Does anyone know of a reliable Mercedes workshop in Dubai / Sharjah. (My car is out of warranty ) Gargash is total ripping off. If anyone suggest reliable Mercedes garage that would be highly appreciated 

Thanks


----------



## peterpan123 (Apr 9, 2012)

John Auto Workshop on King Faisal Road in Sharjah, good service.


----------



## creative_ml (Feb 20, 2009)

peterpan123 said:


> John Auto Workshop on King Faisal Road in Sharjah, good service.

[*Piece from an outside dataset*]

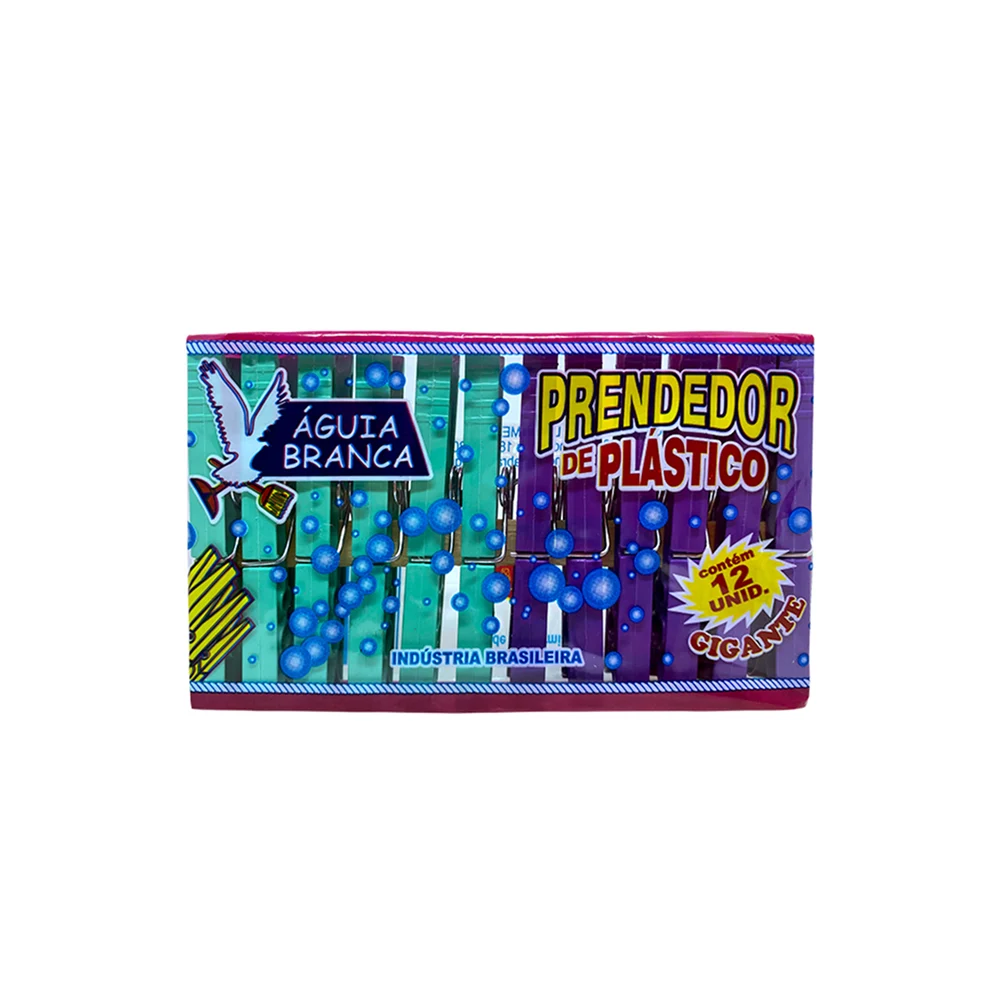 Prendedor Plástico Gigante 12 unidades Águia Branca Pacote com 12 unidades de prendedor de plástico, tamanho gigante, com mola de aço galvanizado.

Thank you so much ...do u have contact number


----------



## Engineer (Jan 13, 2012)

> Thank you so much ...do u have contact number


Google is your friend!


----------



## claredoc (Aug 24, 2011)

Silver arrows.com.......guy is British and set up here 6 weeks ago....we want to use him but car not out of warranty....half price to gargash!!!!!!


----------



## peterpan123 (Apr 9, 2012)

+971(6)5334356 for John Auto. They have a spare parts shop next door, so if the part is available they will be quick.


----------



## creative_ml (Feb 20, 2009)

thanks ...peterpan123


how was u r experience with Jon auto


----------



## Zexotic (Sep 3, 2011)

What model do you have and how much does each service cost? The service is at every 15,000 KM right?


----------



## peterpan123 (Apr 9, 2012)

creative_ml said:


> thanks ...peterpan123
> 
> 
> how was u r experience with Jon auto


They worked fast and clean for my car! I don't know about Dubai prices for car workshops, but I guess Sharjah is a bit cheaper in general. I stopped by there after someone from work recommended them to me and they gave me a quote and it sounded fair so I went for it. Guess you can call them and ask for a quote/estimate


----------



## creative_ml (Feb 20, 2009)

Zexotic my car is 2006 E -200, each service cost 1,000+ in Gargash.


----------